The second function causing issues is calculate_totals. This is a long messy function that calculates a bunch of stats that managers love to see: number of gliders deplyed, total cumulative sea time, number of dives completed, horizontal and vertical distances travelled etc. Because these are stats across the whole database, it's much harder to find database efficiencies as we did for the recent glider missions function. But, as these are totals stats for the 4 + years of operation, they don't need to be updated every time a user refreshes the page! This seems like a good candidate for caching data.

I looked at a few built in methods, like Python's functools.lru_cache. This caches a return value for n calls, so the stats would be recalculated every time the nth page visit occurred. This didn't really fit my use case though, I want calculate these stats at a set interval, say once each day, not have the number of refreshes dependant on how frequently the page is visited. I thought of combining it with some cache intervention or cron job, but decided against it as I'd probably break something.
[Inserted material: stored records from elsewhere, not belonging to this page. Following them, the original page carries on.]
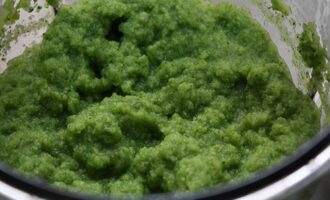 Выкладываем в блендер крупно порезанную свежую зелень, очищенный от семян зеленый острый стручковый перец и помытые очищенные грецкие орехи. Измельчаем до однородной кашицы. Далее, выкладываем измельченные ингредиенты в миску и добавляем соли. Хорошо вымешиваем массу столовой ложкой. Душистая аджика зеленая готова!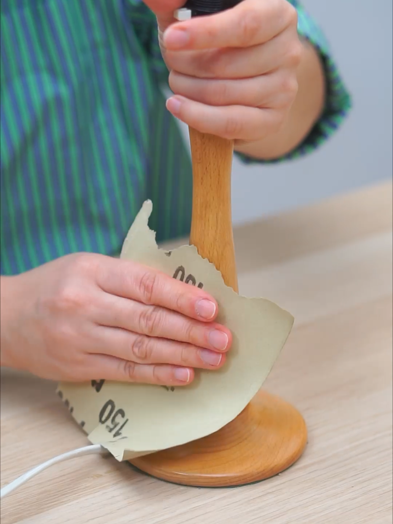 First things first, I needed to clean up the lampshade. It was covered in grime, but underneath all that mess was some really nice wood. So, armed with sandpaper, I got to work sanding away the dirt and revealing the natural wood underneath. It was like uncovering buried treasure!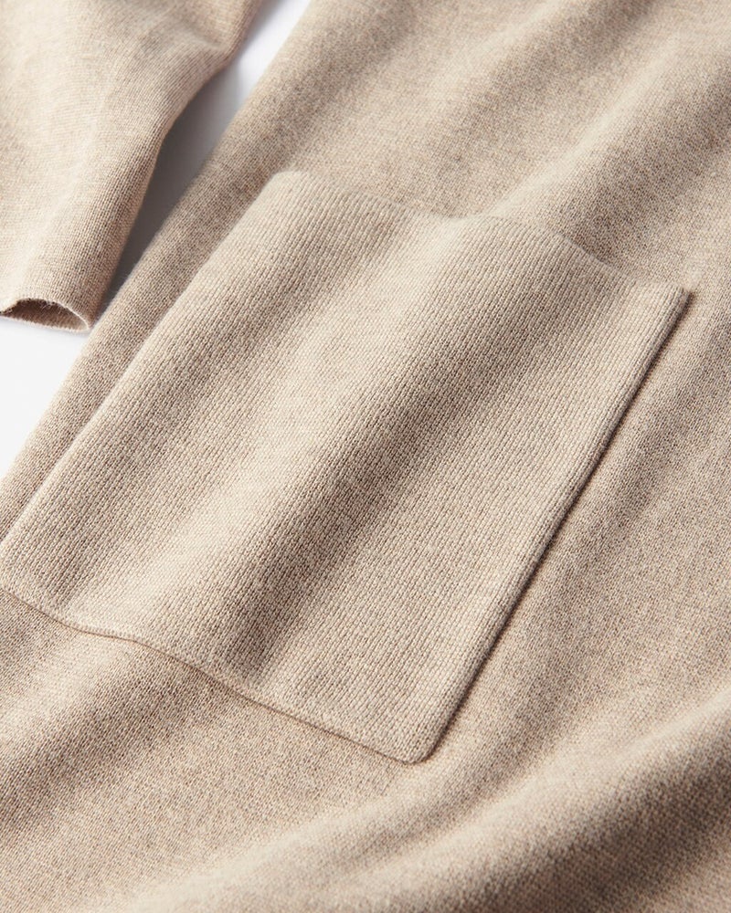 - サイズ感、色味も良く、生地の厚みもあり気に入りました。ただ、襟が内側にどうしても丸まってしまい、注意していないと「襟が中に入っているのに気が付かない人」になってしまいます。また、擦れる部分は若干の毛玉ができやすいので注意して着ています。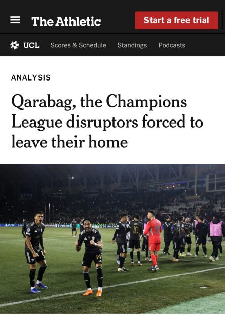 AZƏRTAC xəbər verir ki, “Çempionlar Liqasında gözlənilməz nəticələr göstərən və doğma şəhərini tərk etməyə məcbur olan “Qarabağ” başlıqlı yazıda komandanın bu mövsüm turnirin əsas hekayələrindən birinə çevrildiyi bildirilib.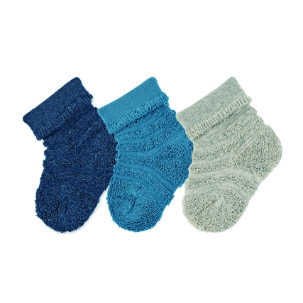 Sterntaler Ponožky kojenecké s manžetkou, 3 páry, jednobarevné, froté proužky, modré 8402120

Then there are third party libraries like cachetools which do have the capacity to set a time limit on cached items. But these contained warnings of thread safety, and I wasn't sure how this would interact with uWSGI server that runs the website with multiple processes and threads. Also, I didn't want to add another external dependency if I could avoid it.
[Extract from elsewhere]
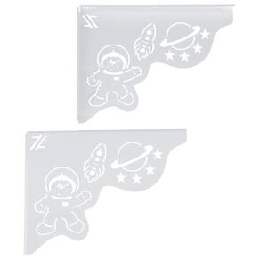 Garantia: 90 dias / Peso: 0,706kg / Cor: Branco / Referência: MENINO02BC Dimensões: 20cm (C) x 2cm (L) x 15cm (A); Recomendados para uso com prateleiras de 20cm a 25cm, de madeira. Para prateleiras de vidro, necessário cuidado para perfuração ou adaptação com ventosa. Capacidade: 20kg; Desenho: nave espacial e astronauta. Espessura do aço: 2mm; Pintura: Epóxi; Cuidados: Limpar apenas com pano macio, não usar abrasivos e não ultrapassar o peso máximo indicado; Conteúdo da embalagem: 1 mão francesa lado direito; 1 mão francesa lado esquerdo; kit de fixação. Material: aço carbono pintado em epóxi, tendo acabamento premium, com alta resistência, de superfície lisa que facilita a limpeza.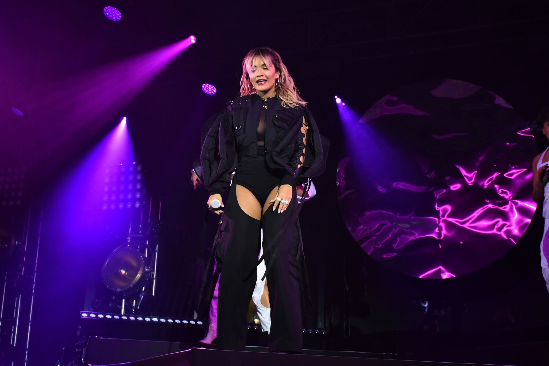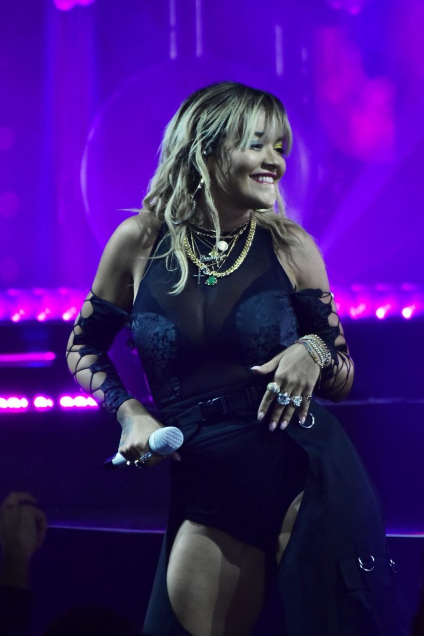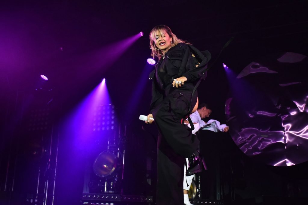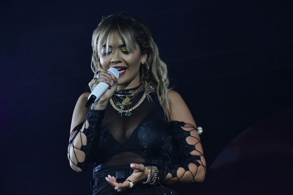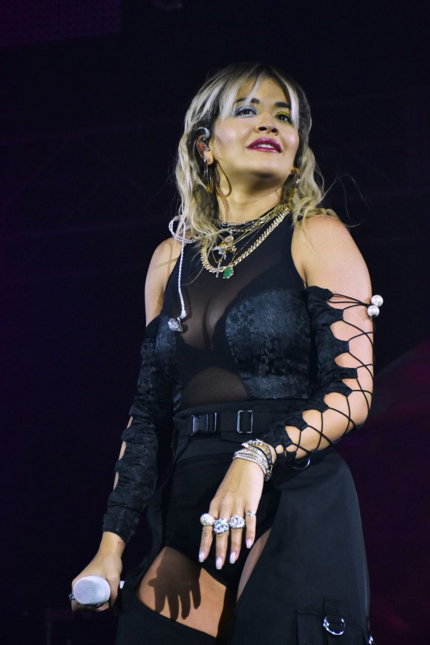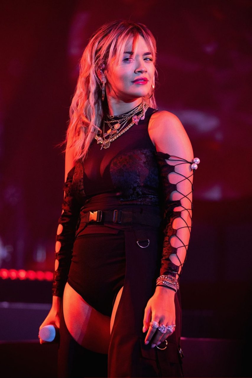 Singer Rita Ora performs at the American Express Gold Launch in Mexico City, 10/17/2019. Ela mostrou seu decote e bumbum no palco.

Instead I opted for a far simpler solution where I use a json file as storage. In pseudocode the solution is:

def calculate_totals():
    stats = load_from_json(json_cache_file)
    if stats.time_edited > now - 24 hours:
        return stats
    else:
        ...lots of stats calculations on the database...
        write_stats_to_json(json_cache_file)
        return stats

This way, we only re-calculate the stats once every 24 hours. There are various checks so that if e.g. the cache file doesn't exits, is corrupted, missing values or stale, the function runs as originally designed then writes to the cache file.

Results

The main web page html loads in less than 500 ms! The total page load is just over 1 second. Not bad for an afternoon's work. We can now see that the pageload is comparable with the time it takes to load other assets, like the glider data plots and the map tiles.

new loading times

I'm sure there are more elegant and efficient ways I could have solved this, but these methods worked and took me an afternoon to investigate and implement.

Why didn't I do this before?

Mostly because it wasn't a problem before. When I started this website we had been operating for a year with far fewer gliders in the water. The database was smaller, the pages more basic and expectations were lower. Just having a publicly viewable map and some pngs of near real time data was a huge win! I'm also aware of the pitfalls of premature optimisation, where you put a lot of time into improving something that turns out not to be a critical application/performance bottleneck. Performance isn't something anyone has asked me about (does anyone really care that the page took 4 seconds to load?) But I think it's important to take a little professional pride in these things.

Reflection

Speeding stuff up is very pleasing. But I'm sure after this I would soon hit marginal gains, having made the big savings of 75 % time cut with these two interventions.
It's nice to have complete control over our data portal. Rather than needing to raise a ticket or kick the problem to another team I was able to remedy it myself in half a day. Though if we had a proper team of developers we probably wouldn't have shipped code with these performance flaws in the first place!
There was no oceanography in this process. It would work for kind of any website with a similar stack and user needs. I'm increasingly spending my time more as a developer and server maintainer. I think I'm ok with that.
I wrote this blog post while working on the problem, rather than after, to try to capture the process in the most accurate way possible. Inspired by the way Julia Evans writes her brilliant technical explainers.